Oh, and he might very well be leaving F1 early. A Spanish media outlet is saying that it's possible that Pedro de la Rosa (Pete Rose) will be taking over JP's seat in the near future, with JP coming to America to drive in the Busch series, so as to get practice for next year.
He'll be driving a Dodge when he gets to NASCAR. Dodge is owned by DaimlerChrysler. DaimlerChrysler is also part-owner of McLaren, so it's not impossible they want him to cut his F1 season short. After all, there's no future in it for him, and Pete Rose could use the experience.
Keep your eyes open.
July 09, 2006
Montoya and Ganassi have a happy past. Montoya raced in CART* under Chip in 2001, where he had quite a bit of success, before moving on to Formula 1.

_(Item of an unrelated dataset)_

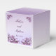 Las animadas vidas son el tema de esta elegante caja de favores matrimoniales que cuenta con pulverizadores de lila rosa y malva sobre un fondo morado. Personalizar el texto para tu ocasión especial.
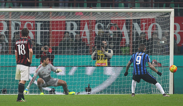 MILAN, ITALY - JANUARY 31: Mauro Emanuel Icardi (R) of FC Internazionale Milano strikes the post from the penalty spot during the Serie A match between AC Milan and FC Internazionale Milano at Stadio Giuseppe Meazza on January 31, 2016 in Milan, Italy. (Photo by Marco Luzzani/Getty Images)

Obviously the kerfluffle over McLaren's drivers next year caused this; it was... what, a month or so ago that the 'rumor' came out that Montoya wasn't needed by McLaren, and it seems that nobody picked him up. Somewhat astonishing to my eyes.
I wonder... how many drivers have done well in THREE different car styles?
More as the story warrants. To see ABC (US)'s story on this, click here.
Tip o' the helmet to Official First Reader Mallory for bringing this to my attention.
*Update: Thanks to commentor Ed Flinn for the correction on Montoya's Indy-style car racing history!